Game of Thrones creators say piracy doesn't harm profits
Let's just get this out of the way: This story is no April Fool’s prank no matter how far-fetched the headline seems at first glance. Despite an official network policy that is strictly anti-bootleg, an HBO exec says that rampant piracy isn’t really hurting the mega-popular Game of Thrones when it comes to DVD sales.
“I probably shouldn’t be saying this, but [piracy] is a compliment of sorts,” HBO programming Michael Lombardo recently told Entertainment Weekly. “The demand is there. And [piracy] certainly didn’t negatively impact the DVD sales [of Game of Thrones].” The medieval-styled political intrigue/fantasy series is HBO’s top money earner in terms of international and DVD sales, Entertainment Weekly reports.
Piracy, Lombardo told EW, simply comes with the territory of having a wildly popular show on a subscription-based network like HBO.
The show's popularity with pirates isn't slowing, either. Game of Thrones is back on top of the piracy charts with Season 3 episode 1, which made its debut Sunday night. The show is currently the most popular torrent on The Pirate Bay, with six different torrent files for the episode making the site’s top 100 chart. Game of Thrones was the most pirated TV show for 2012 with more than 4 million downloads per episode.

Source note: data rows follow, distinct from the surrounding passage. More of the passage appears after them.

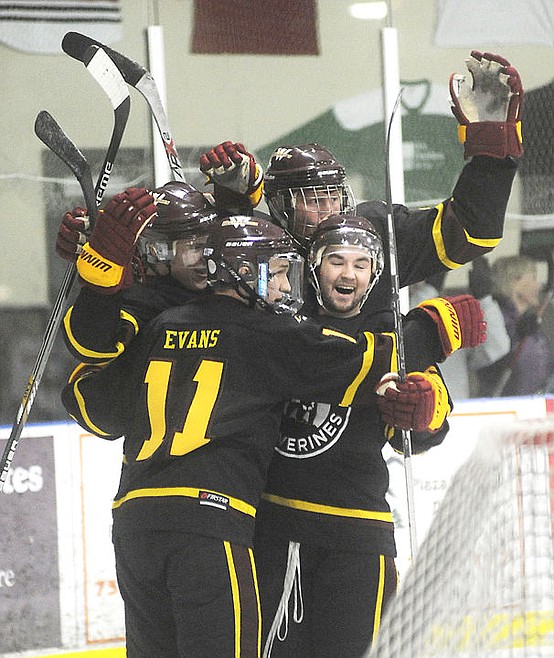 Members of the Whitefish Wolverines celebrate the first goal against the Butte Cobras at the Stumptown Ice Den on Friday. (Aaric Bryan/Daily Inter Lake)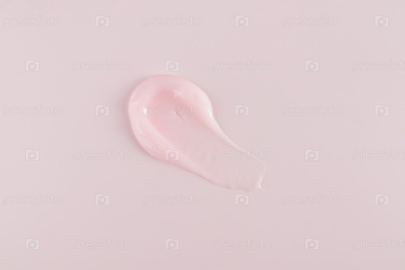 Красивый пример косметического прикосновения текстуры бальзама для губ или маски для ухода за кожей на губах. Нежная розовая текстура. Вид сверху. Копировальное пространство. Розовый фон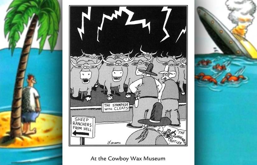 A Larson le encanta visitar el Viejo Oeste en El lado lejanoañadiendo nuevos y ridículos giros y vueltas a la peligrosa e ingrata vida de los vaqueros. En esta tira, un grupo de vaqueros visita un museo de cera con temática de terror y se encuentra con exhibiciones horribles (pero imposibles) como una estampida en la que las vacas llevan zapatos con clavos, un ladrón de ganado cuya inmortalidad significa que nunca podrá ser detenido y algunos ganaderos de ovejas inexplicablemente horrorosos.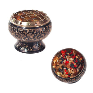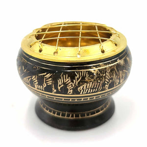 Incensario bronce grabado negro con rejilla para quemar incienso en grano.

Lombardo’s comments echo those of Game of Thrones director David Petrarca, who said in February that piracy had little negative impact on HBO’s top show, according to Australian daily The Sidney Morning Herald. Game of Thrones and similar shows, Petrarca said, thrive on “cultural buzz” generated by a large audience.
Grappling with digital reality
Lombardo and Petrarca may not be too worried about piracy, but HBO is taking steps to grapple with the issue, especially overseas where piracy is rampant. The network recently said it will allow its international broadcast partners to show new episodes of Game of Thrones sooner than usual.
Typically, international markets must wait a week or more to begin broadcasting new seasons of popular U.S. shows. With Game of Thrones, however, international viewers must wait only a week after the U.S. premiere (Sunday night) to see episode 1. The rest of the show’s episodes can be broadcast within 24 hours of their U.S. air date. That means some international markets could show the first episode of the Game of Thrones' third season this coming Sunday, and then air episode 2 the following Monday.
But a faster release schedule won’t help American Game of Thrones fans who don’t have an HBO subscription, and there doesn’t appear to be any immediate relief for cord cutters in sight. Rumors are circulating, however, that HBO might decouple its HBO Go streaming service from the cable providers. That means you would pay HBO directly for online access to its content. Currently, the HBO Go service requires customers to have an account with a major cable provider such as AT&T or Comcast.
Major movie and television content producers are currently struggling with piracy similar to problems the music industry faced several years ago. The entertainment industry is caught between experimenting with policing systems—such as the recently instituted Copyright Alert System—and coming up with new business models to deal with the realities of the Internet.
While streaming video may be gaining traction with consumers, not much has changed in terms of new content methods and delivery services for premium online video content. A direct-to-consumer HBO Go service could be one of the first major experiments with new online delivery methods in years—but by introducing just such a plan, HBO would risk upsetting its cable partners and the juicy distribution contracts that currently tie HBO’s fate to the cable providers.
With piracy bearing little influence on the bottom line of top shows like Game of Thrones, HBO might not be willing to bite that particular hand just yet.